An Account of the English Colony in New South Wales, Volume 1 eBook

This eBook from the Gutenberg Project consists of approximately 866 pages of information about An Account of the English Colony in New South Wales, Volume 1.

We heard and saw much of the natives about this time.  At the Hawkesbury a man had been wounded by some of the Wood tribe.  Two women (natives) were murdered not far from the town of Sydney during the night, and another victim, a female of Pe-mul-wy’s party (the man who killed McIntyre), having been secured by the males of a tribe inimical to Pe-mul-wy, dragged her into the woods, where they fatigued themselves with exercising acts of cruelty and lust upon her.

The principal labour performed in January was preparing the ground for wheat.  The Indian corn looked every where remarkably well; it was now ripening, and the settlers on the banks of the Hawkesbury supposed that at least thirty thousand bushels of that grain would be raised among them.

Several native boys, from eight to fourteen years of age, were at this time living among the settlers in the different districts.  They were found capable of being made extremely useful; they went cheerfully into the fields to labour, and the elder ones with ease hoed in a few hours a greater quantity of ground than that generally assigned to a convict for a day’s work.  Some of these were allowed a ration of provisions from the public stores.

In consequence of the heavy rains, the river at the Hawkesbury rose many feet higher than it had been known to rise in other rains, by which several settlers were sufferers.  At Toongabbie the wheat belonging to government was considerably injured.  At Parramatta the damage was extensive; the bridge over the creek, which had been very well constructed, was entirely swept away; and the boats with their moorings carried down the river.  At Sydney some chimneys in the new barracks fell in.
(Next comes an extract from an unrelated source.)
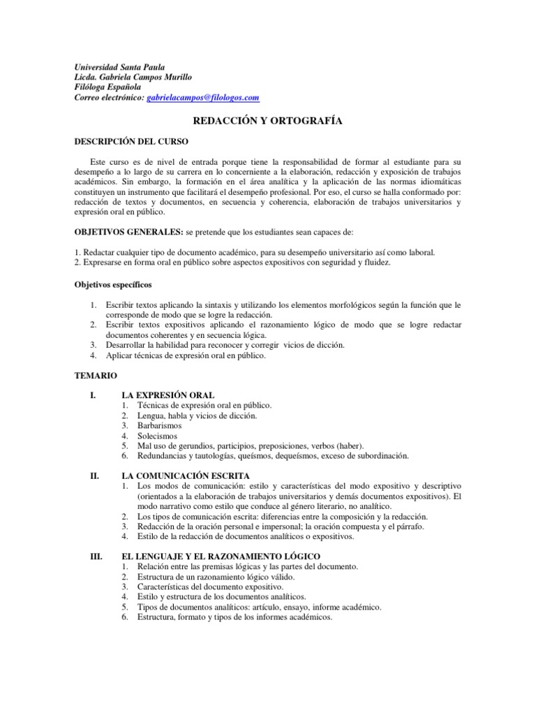 1. Redactar cualquier tipo de documento académico, para su desempeño universitario así como laboral.

Mr. Jones, the quarter-master sergeant of the New South Wales corps, a person of much respectability, and whose general demeanor indicated an education far beyond what is met with in the sphere of life in which he moved, died this month.

A convict lad, in the service of Mr. William Smith the store-keeper, died on the 26th, having swallowed arsenic.  It was remarkable in his untimely end, that he himself placed the poison with a view of destroying the rats with which the house was infested, and was particularly cautioned against it.  How he came, after that, to take it himself, was not to be accounted for.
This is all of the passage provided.